- Speaking of rigged politics
some of those points awarded to Gryffindor were bullshit.
- If you work in a corrupt whistle factory and try to blow the whistle
people might think you're just testing whistles.
- I’m tossing my hat in the ring
Now you have the option of voting for my hat.
- Got tired of thinking outside the box, so I burned the thing
Now I don't know where to keep my stuff, might have to go to the box store.
- I’ve always gone above and beyond
And now I have no idea where I am.
- If you send restraining orders to employees at a seatbelt factory
they don't know whether to get right to work or stay 100 feet away.
- Beauty is in the eye of the beholder
If you want to be beautiful, cut out that eye and use it to make an exfoliating moisturizer.
- Every time you watch Orange is the New Black, your racism kills an oompa loompa.
- Good thing Guitar George knows all the chords
Otherwise the name might be embarrassing.
- How to avoid trouble
Never, ever, ever, ever, ever, ever, ever talk about race. Unless the race is a marathon. And then, try not to brag.
- I’d tell you what would never occur to me
but I can't think of anything.
- We all have demons
Might as well teach them some tricks.
- Bon Jovi wants to know who said I can’t go home
Like he wasn't at the parole hearing.
- Water under the bridge
When you are assured that everything is fine because "It's water under the bridge," remember that the water may contain piranha, electric eels, sharks, alligators, and/or used syringes, and no one has checked the structural integrity of the bridge in a long, long time. Also, recently someone has been pushing people over the side.
- Spoiler alert
Put the milk back in the refrigerator.
- Revenge is a dish best served cold
unless you're an arsonist.
- There’s no substitute for an effective replacement
- Shirley Temple might have liked a stronger drink if she’d given it a chance
- If there’s one thing I can’t stand, it’s the many things that annoy me
- People shouldn’t tip cows unless the service is excellent
And even then, not more than 10%, because they're just gonna spend it on grass.
- If everyone has the conch, no one does
- I happen to know that Yorick wasn’t that poor
He made a very nice living. His novel Infinite Jest sold lots of copies.
- Today is the first day of the rest of my sandwich
- Hey convenience stores, if you want to know how tall people are, how about just asking?
- If you win a million dollars, don’t spend it all on peanut butter
I know, I know. It's delicious. But that's just too much peanut butter.
- Needless to say
As soon as you say, "It goes without saying," it no longer does.
- Lock up Heart’s “What About Love?” in a room with Tina Turner’s “What’s Love Got to Do with It?” and just let them fight it out
With pillows. Okay, maybe take some pics.

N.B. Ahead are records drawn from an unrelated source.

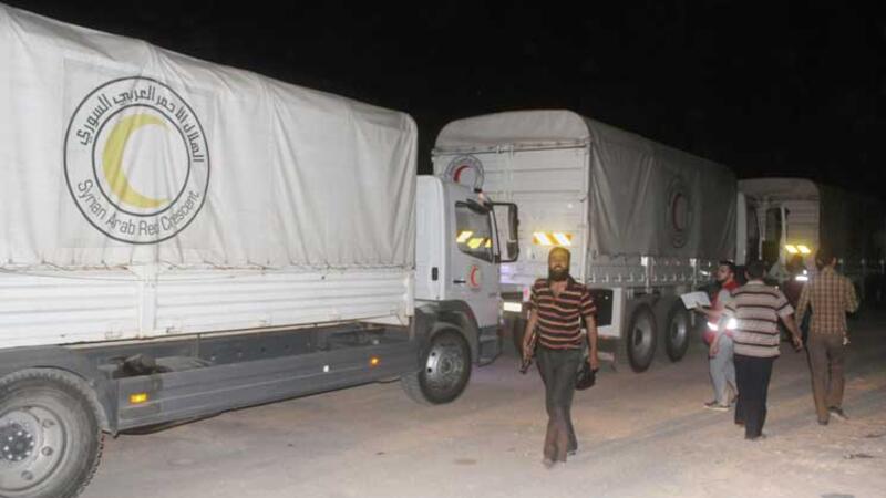 وقال المتحدث باسم مكتب الأمم المتحدة لتنسيق الشؤون الإنسانية ينس لايركه إن شاحنات من الأمم المتحدة والهلال الأحمر العربي السوري نقلت مساعدات غذائية تكفي 2400 شخص في داريا لمدة شهر.
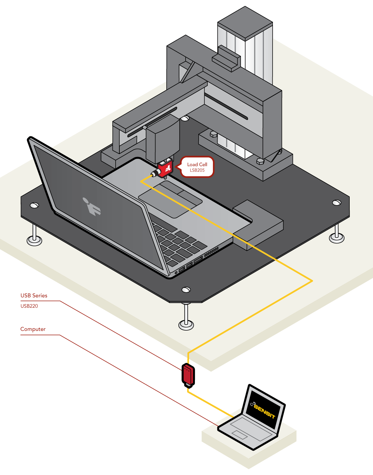 MK网官方站网页版_MK(中国)的S型LSB200系列传感器, 配置USB220采集模块。
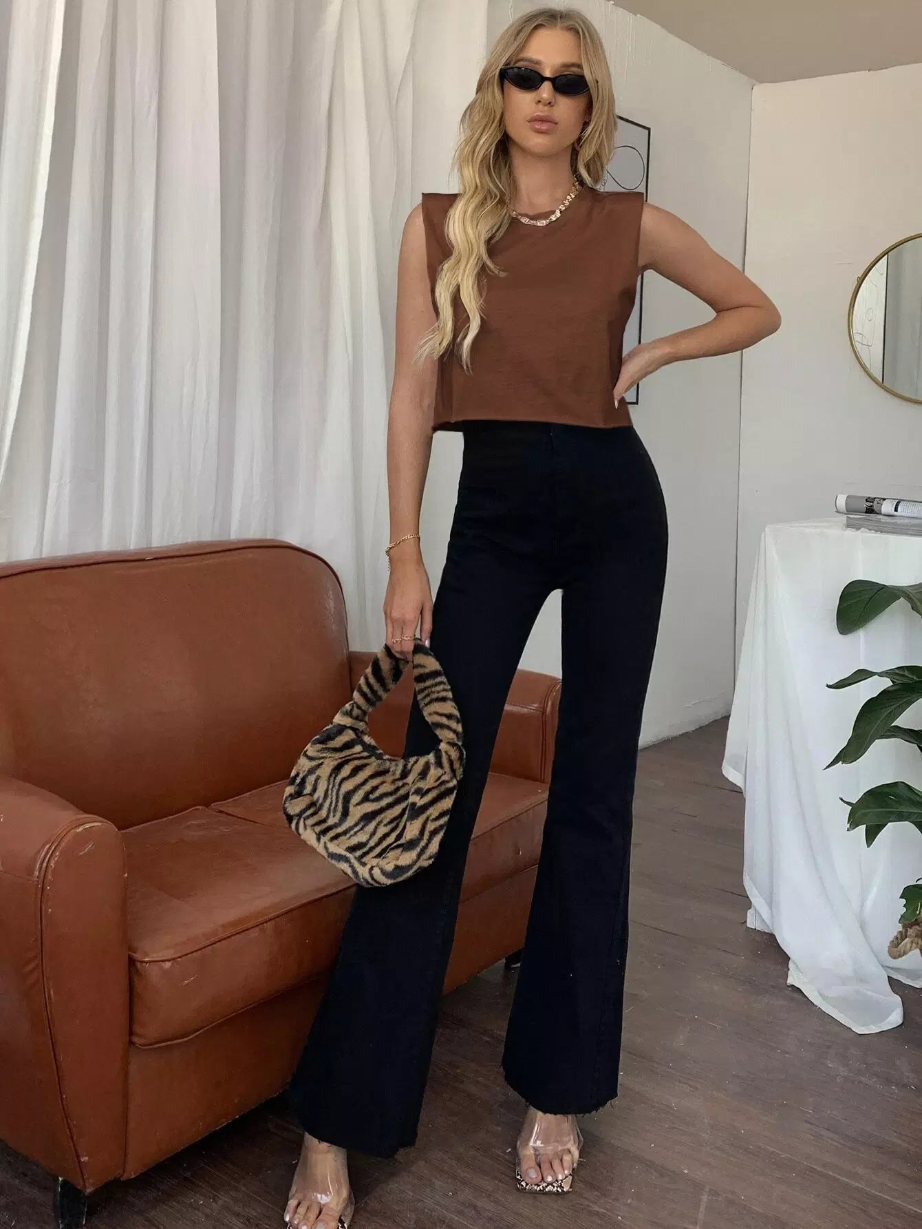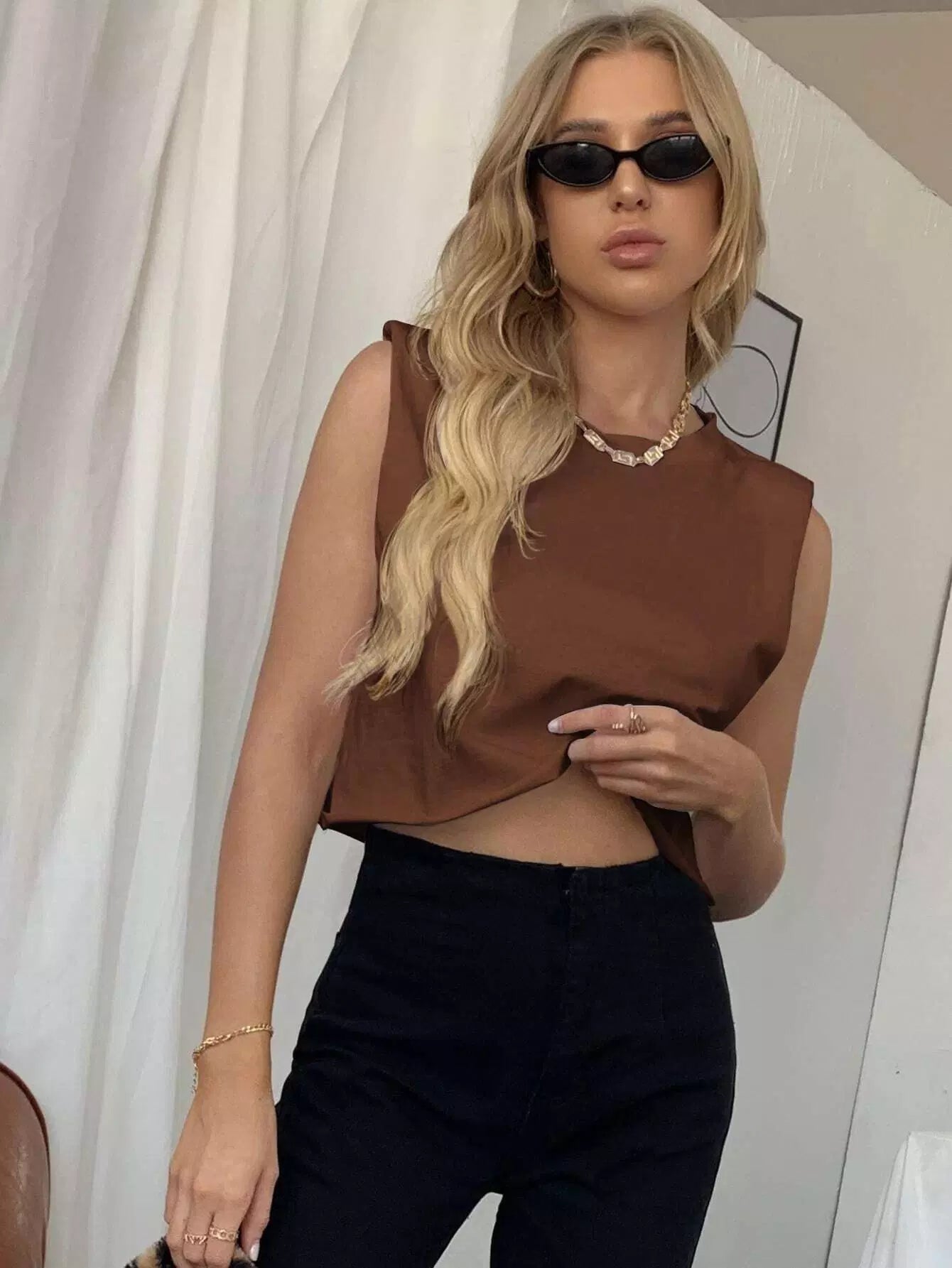 توب قصير بدون أكتاف على الكتف
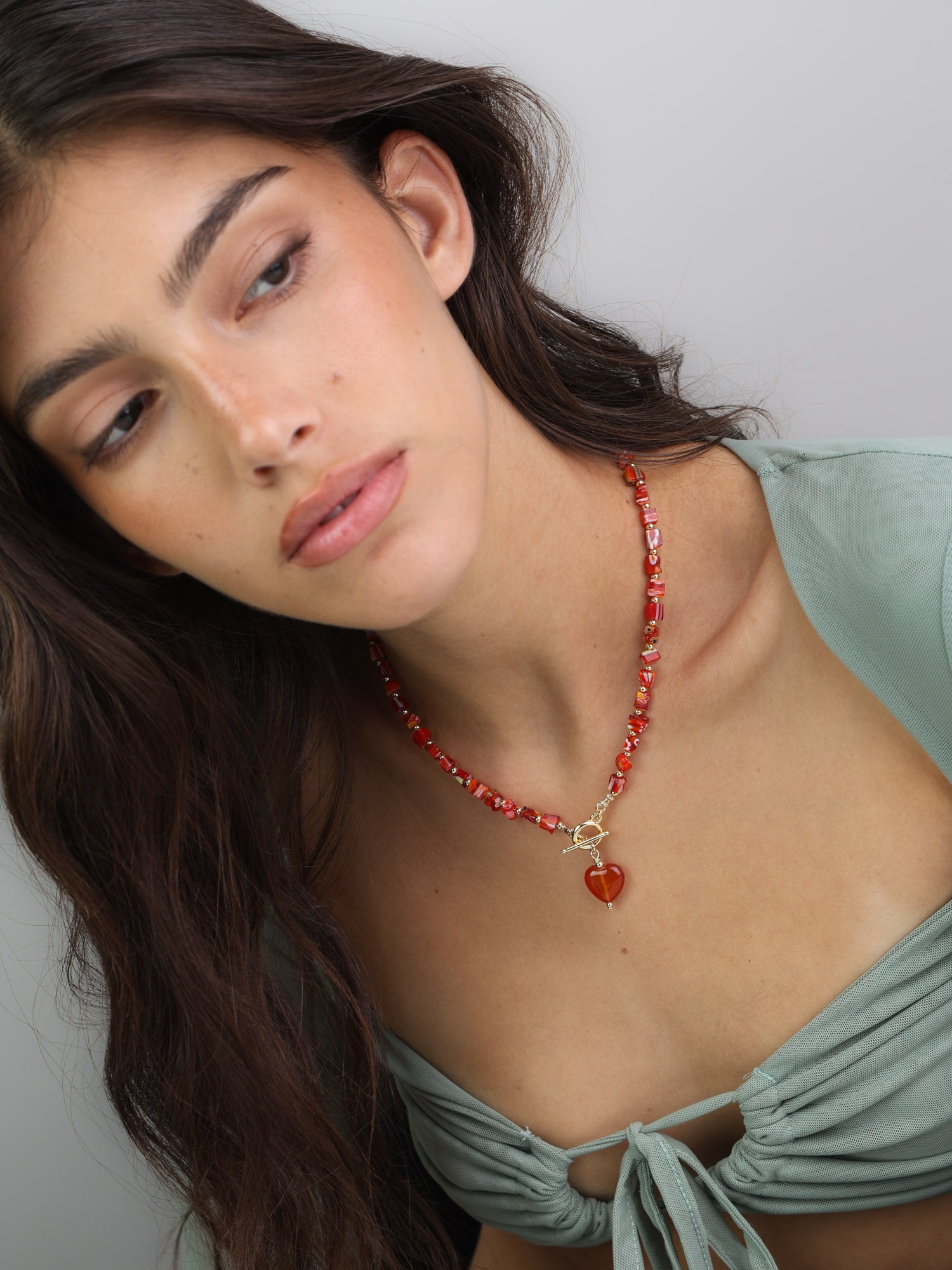 Collar Delicado y Festivo, Bañado en oro, Rubí artificial
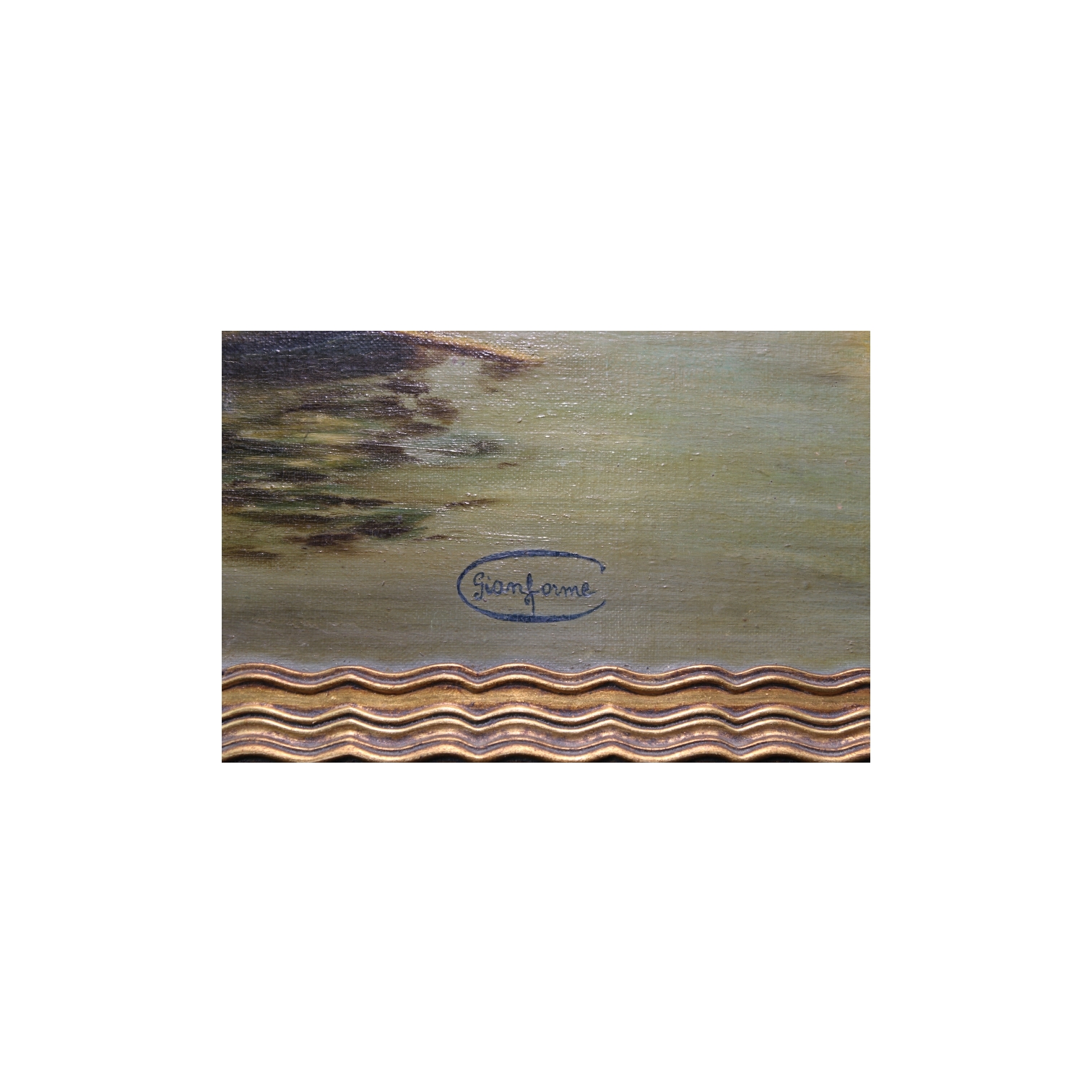 OLIO SU TELA RIPORTATO SU CARTONCINO raffigurante marina con barche e personaggi firmato Gianforena, dentro cornice in legno dorato XX secolo h cm 69 x 45 / cornice h cm 76 x 52

- I’m going to get a tattoo on my face of my face
actual size and perfectly positioned, so no one else will know I have a tattoo at all. But I'll know, and that's why I'll be smiling.
- The voting age should be 7
Then the nation would take the cooties epidemic seriously. Also, no homework, and candy for breakfast. Democracy, people!
- Not every cowboy sings a sad, sad song
Some of them are pretty happy.
- Don’t try to impress me with your fancy new words for things we already have words for
#pressthepoundkey
- He’d steal the sun from the sky for you?
Big words from a guy who couldn't even remember your birthday.
- I’m a little annoyed at all these restaurants charging me for the extra gluten I order
They already have it left over from the gluten-free customers.
- Call me a bigot if you must
Ragweed is such an asshole.
- I don’t think we gave soylent green enough of a chance.
We might like it.
- I could really use a breadbox that’s bigger than a breadbox
- Wrangler: You have a fat ass and we’re okay with that
- Are the Academy Awards sexist?
Why have separate categories for male and female actors? I understand why men and women don't compete against each other in the hundred-yard dash or boxing, but why are they separated in acting? If you win the Best Actress Oscar, does it mean that you did a pretty good job of acting, for a broad?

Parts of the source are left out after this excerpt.